Two patterns from that time that I’ll carry forever:
1. Architecture reviews as organisational glue. Wikimedia runs a structured architecture-review process. A proposal gets written, circulated, discussed, revised, and eventually approved. The review is slow — sometimes weeks — and the slowness is the feature. It forces proposals to mature, and it gives many contributors (not just staff engineers) a voice on the direction. At smaller companies I’ve seen similar attempts rot into rubber-stamping. At Wikimedia it worked because the culture expected real engagement. That’s the missing piece most design-review cultures lack.
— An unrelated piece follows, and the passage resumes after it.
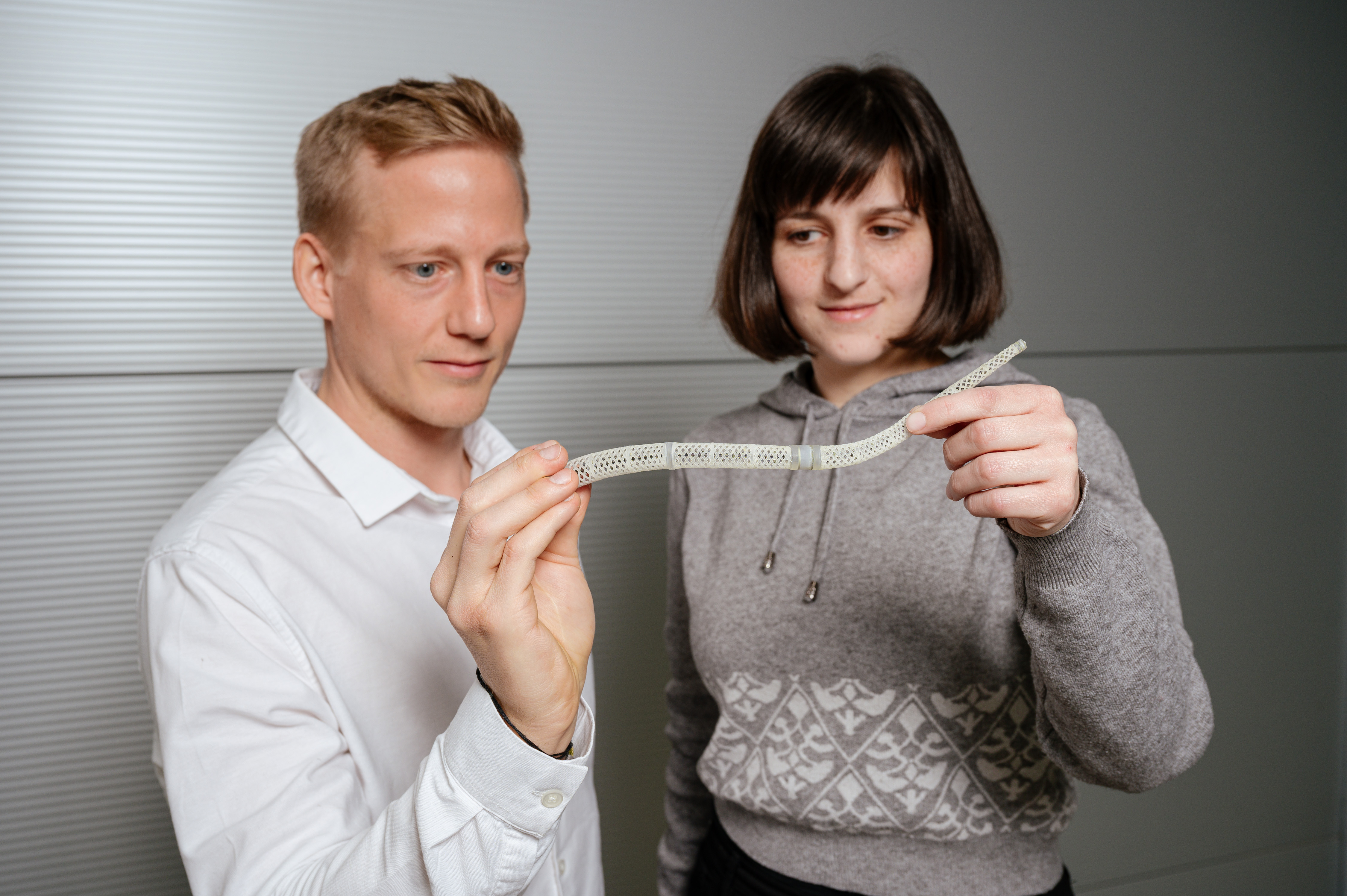 Die Forscherinnen und Forscher setzen den Rüssel aus vielen der künstlichen Muskelstränge zusammen. Wie echte Muskelfasern, die in Bündeln zusammengefasst sind, bündeln sie dafür auch die haarfeinen Drähte. Drahtbündel geben durch die größere Oberfläche mehr Wärme ab, was die Kontraktionen schneller macht. Und stark sind sie auch: „Die Drähte haben die höchste Energiedichte aller bekannten Antriebsmechanismen und entwickeln hohe Zugkraft. Das macht es uns auf kleinstem Raum möglich, starke Antriebstechniken unterzubringen, was sonst unmöglich wäre“, erläutert Paul Motzki. Indem sie mehrere dieser Drahtbündel in bestimmten Abständen durch eine Reihe runder, dünner Kunststoffscheiben fädeln, halten die Drahtbündel Abstände ein und es entsteht ein Rüsselsegment. Die Forscher setzen mehrere dieser Segmente zusammen, deren Scheiben zum Ende des Rüssels hin kleiner werden.

2. Treating volunteer contributors as first-class engineers. Wikimedia’s codebase has a volunteer contributor base that dwarfs the paid staff. Every design decision, every API change, every code pattern has to be legible and welcoming to people who don’t have standups with you. This is a ridiculously healthy constraint on engineering decisions. Most of the pathologies of internal-only codebases — clever in-jokes, unwritten conventions, magical abstractions — don’t survive when the audience is the entire world.
What this taught me about scale
Going in, I thought “Wikipedia scale” meant the hard problem was the traffic volume. It isn’t. The hard problem is the half-million people who edit the content, the twenty-year-accumulated content graph itself, and the operational discipline required to let all of that keep working while still shipping features.
The traffic is served by Varnish. That part is solved.
The editing experience, the content workflow, the multi-lingual routing, the abuse-prevention system, the community tools, the deprecation handling, the API contract with hundreds of third-party tools — those are the problems that consume engineering attention. And none of them are made easier by ditching the boring-PHP codebase. They’d be made worse, because you’d lose the accumulated wisdom along with the codebase.
Why I left (and what I took)
I left Wikimedia in April 2025 to do more hands-on work on AI-assisted engineering and local-first agent systems — which, in a twist I appreciate, is the exact kind of boring-discipline problem Wikimedia trained me to think about well. An agent control plane (Fulcrum) is not a glamorous system architecturally. It’s a state machine, a log, a memory layer, and an orchestrator. It’s going to get interesting the way Wikipedia’s stack is interesting: in the operational discipline, not the architecture.
The biggest thing I took from Wikimedia is a conviction that most “boring” systems are boring because someone earned the boredom. Someone spent years paying down the interesting parts. Someone wrote the runbook. Someone argued for the slow architecture review.
If I could give one piece of advice to every engineer I work with for the rest of my career: be suspicious of exciting systems. Ask who’s paying for the excitement. Usually, it’s the on-call rotation, and it’s going to catch up.